Mumbai : Ellenbarrie Industrial Gases Limited has fixed the price band of ₹380/- to ₹400/- per Equity Share of face value ₹2/- each for its maiden initial public offer.
The Initial Public Offering (“IPO” or “Offer”) of the Company will open on Tuesday, June 24, 2025, for subscription and close on Thursday, June 26, 2025. Investors can bid for a minimum of 37Equity Shares and in multiples of 37Equity Shares thereafter.
The IPO is a mix of fresh issue of up to Rs 400 crore and an offer for sale up to 56,56,565 equity shares by Padam Kumar Agarwala, and up to 56,56,565 equity shares by Varun Agarwal.
The proceeds from the fresh issue to the extent of Rs 210 crore will be used for repayment/prepayment, in full or in part, of certain outstanding borrowings availed by the Company; Rs 104.50 for setting up of an air separation unit at its Uluberia-II plant with a capacity of 220 TPD; and general corporate purposes.

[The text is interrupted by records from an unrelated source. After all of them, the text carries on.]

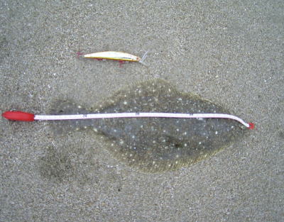 と、まさに狙っていたポイントの波打ち際のカケアガリで押さえ込むようなアタリ。その一瞬はリトリーブを止め・・・・・・すると、グゥッっとティップが持っていかれた。その瞬間にグッとアワセを入れる。すると、しっかりと重みが載ってHITした。が、上がってきたのはまたもや微妙に足りないソゲ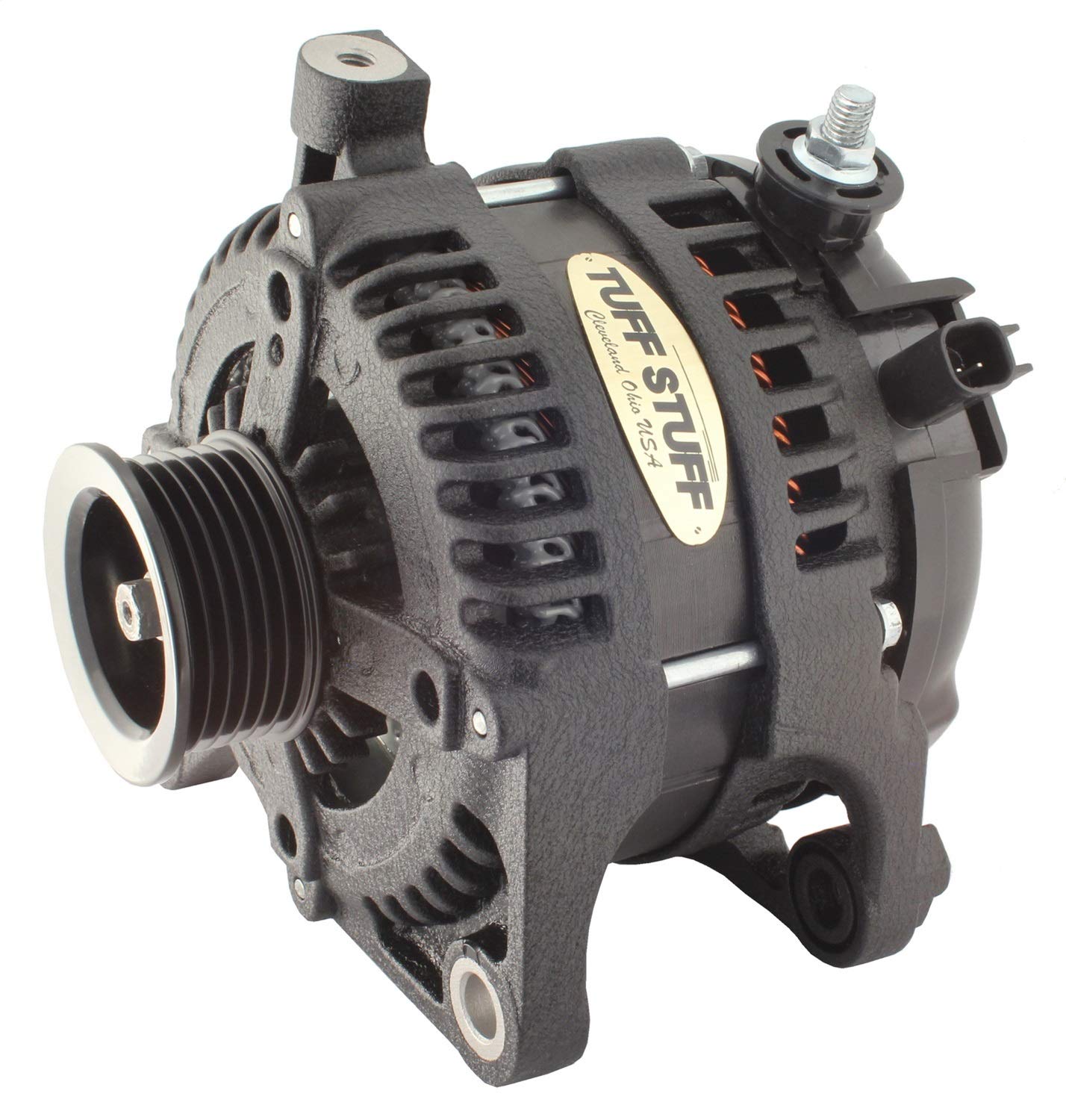 Tuff Stuff Alternator, 175 amp, 12V, External Regulator, 6 Rib Serpentine Pulley, Black Wrinkle, Jeep Wrangler JK 2007-11, Each (7513B)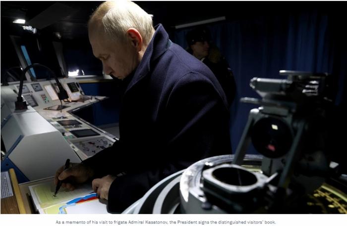 據(jù)塔斯社報(bào)道,普京在貴賓簿上寫道,“有這樣的水兵、這樣的艦艇和這樣的武器,俄羅斯會感到安全”。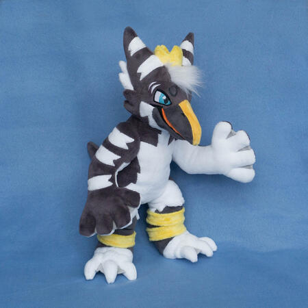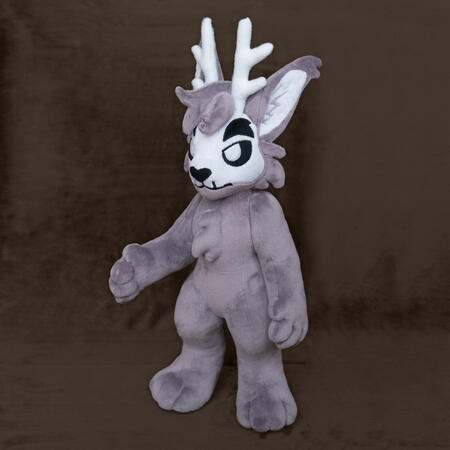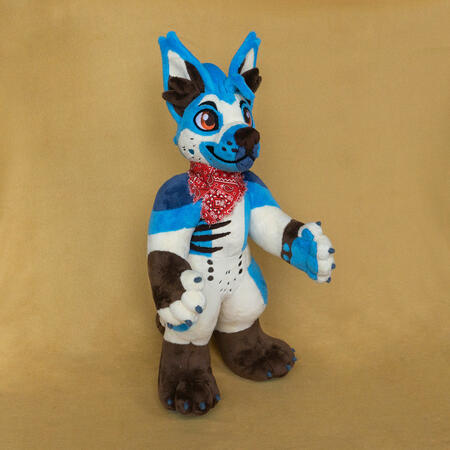 Standing anthro plush. Stuffed on the firmer side to hold its shape nicely. Includes jointed, rotating arms for posability. Measures 20" tall.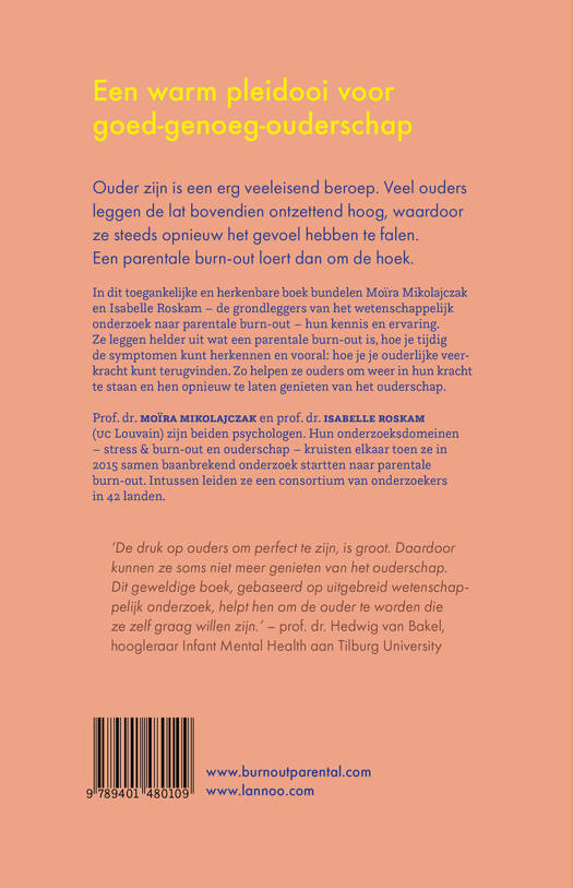 In dit toegankelijke en herkenbare boek bundelen Moïra Mikolajczak en Isabelle Roskam - de grondleggers van het wetenschappelijk onderzoek naar parentale burn-out - hun kennis en ervaring. Ze leggen helder uit wat een parentale burn-out is, hoe je tijdig de symptomen kunt herkennen en vooral: hoe je je ouderlijke veerkracht kunt terugvinden. Zo helpen ze ouders om weer in hun kracht te staan en hen opnieuw te laten genieten van het ouderschap.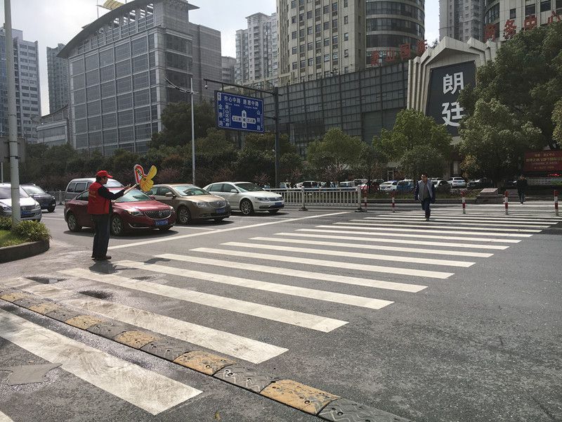 为积极响应集团 “礼让斑马线 文明出行”活动,3月21日至4月5日,交投出租车创优车队成员前往金城路颐高数码广场“无灯控”斑马前近开展劝导活动。该斑马线附近人流和车流异常密集,交投出租车成员们忙着“左顾右看”,集中精力注意着准备横穿斑马线的行人和过往的车辆。

Ellenbarrie Industrial Gases is one of the oldest operating industrial gases companies in India, with a rich legacy of over 50 years. (Source: F&S Report) It manufactures and supplies industrial gases including oxygen, carbon dioxide, acetylene, nitrogen, helium, hydrogen, argon and nitrous oxide, as well as dry ice, synthetic air, firefighting gases, medical oxygen, liquid petroleum gas, welding mixture and speciality gases catering to a wide range of end-use industries. It is one of the important manufacturers of industrial gases in East India and South India, and the market leader in the states of West Bengal, Andhra Pradesh and Telangana, each in terms of installed manufacturing capacity, as of March 31, 2025. (Source: F&S Report)

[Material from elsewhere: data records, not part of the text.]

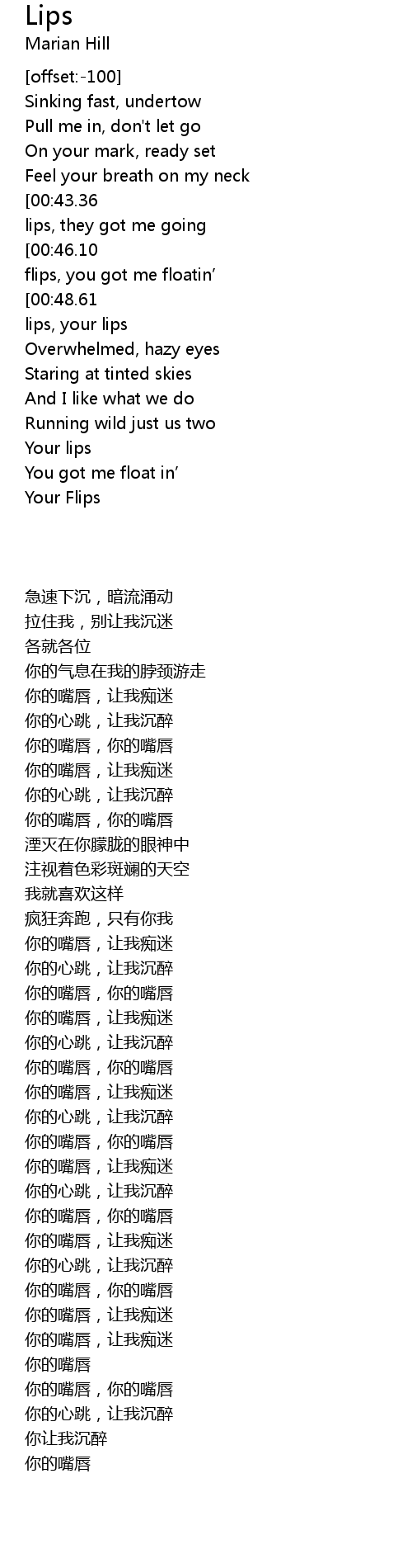 | [00:32.43][00:43.36][01:26.38][01:39.96][01:51.62][02:01.40][02:10.12][02:42.27] | Your lips, they got me going |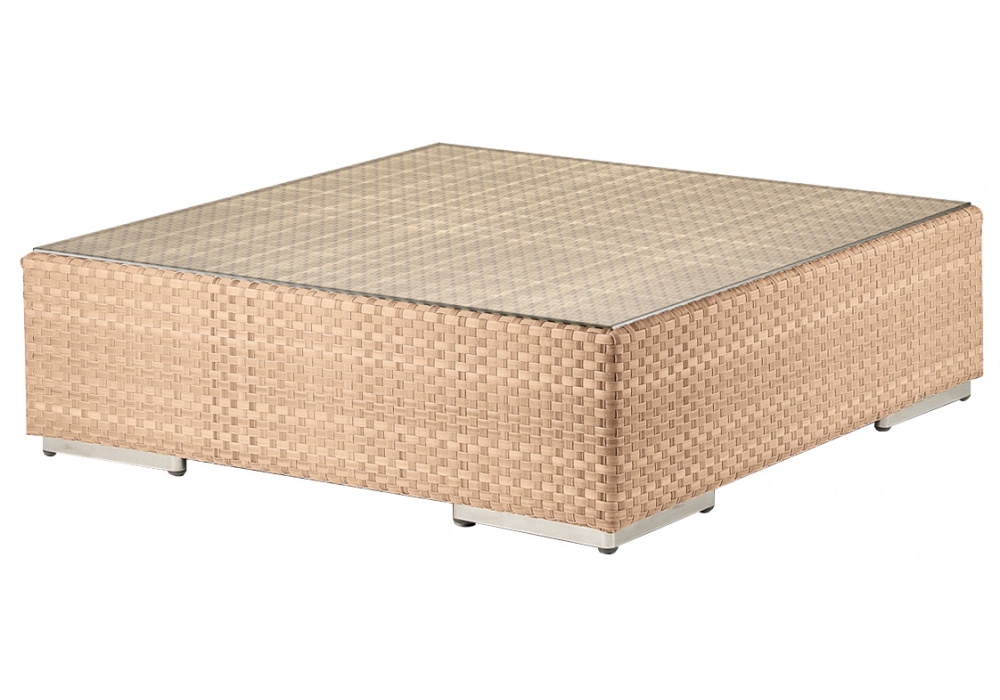 Lounge diseñado por Frank Ligthart para Dedon es una mesa de café en aluminio y estructura de fibra y parte superior de vidrio, que forma parte de la colección Lounge.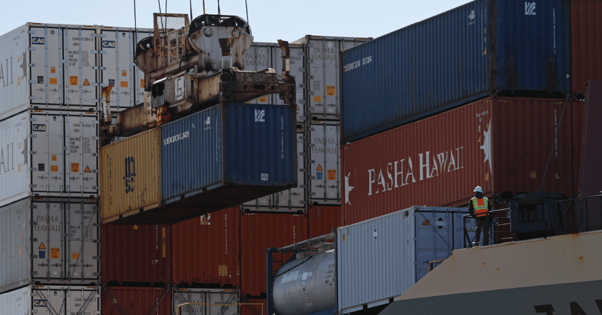 Shipping containers are offloaded at the Port of Oakland in California on April 2, 2025. (Justin Sullivan/Getty Images)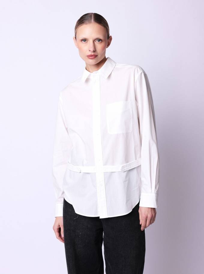 프렌치 컨템포러리 브랜드 '베르니스' 벨트 포인트 화이트 셔츠 및 플레어 미디 스커트 '관심폭발'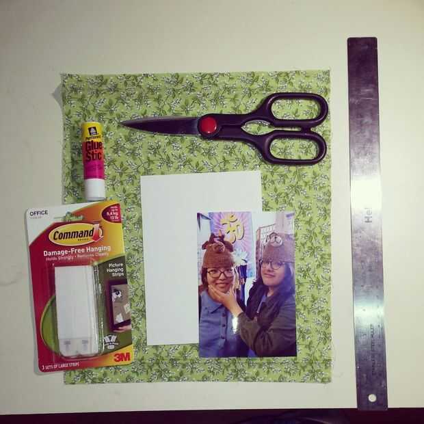 Usted necesitará una fotografía que se desee colgar, papel, tijeras, pegamento, una regla, los sujetadores colgantes de comando y una máquina de coser.

Its service include project engineering services, that it leverage its extensive technical know-how for the design, engineering, supply, installation and commissioning of tonnage air separation units (“ASUs”) and related projects on a turnkey basis for customers across several sectors. It also offers turnkey solutions involving medical gas pipeline systems, where it assists healthcare facilities in designing, installing, commissioning, operation and maintenance of medical gas pipeline systems. In addition, it supplies its products and medical equipment to healthcare facilities, that includes anaesthesia workstation, spirometers, ventilators, sterilizers, bed-side monitors, and lung diffusion testing machines.
It has a robust distribution network, with the third highest number of transport tankers, cylinders and customer installations in India. (Source: F&S Report)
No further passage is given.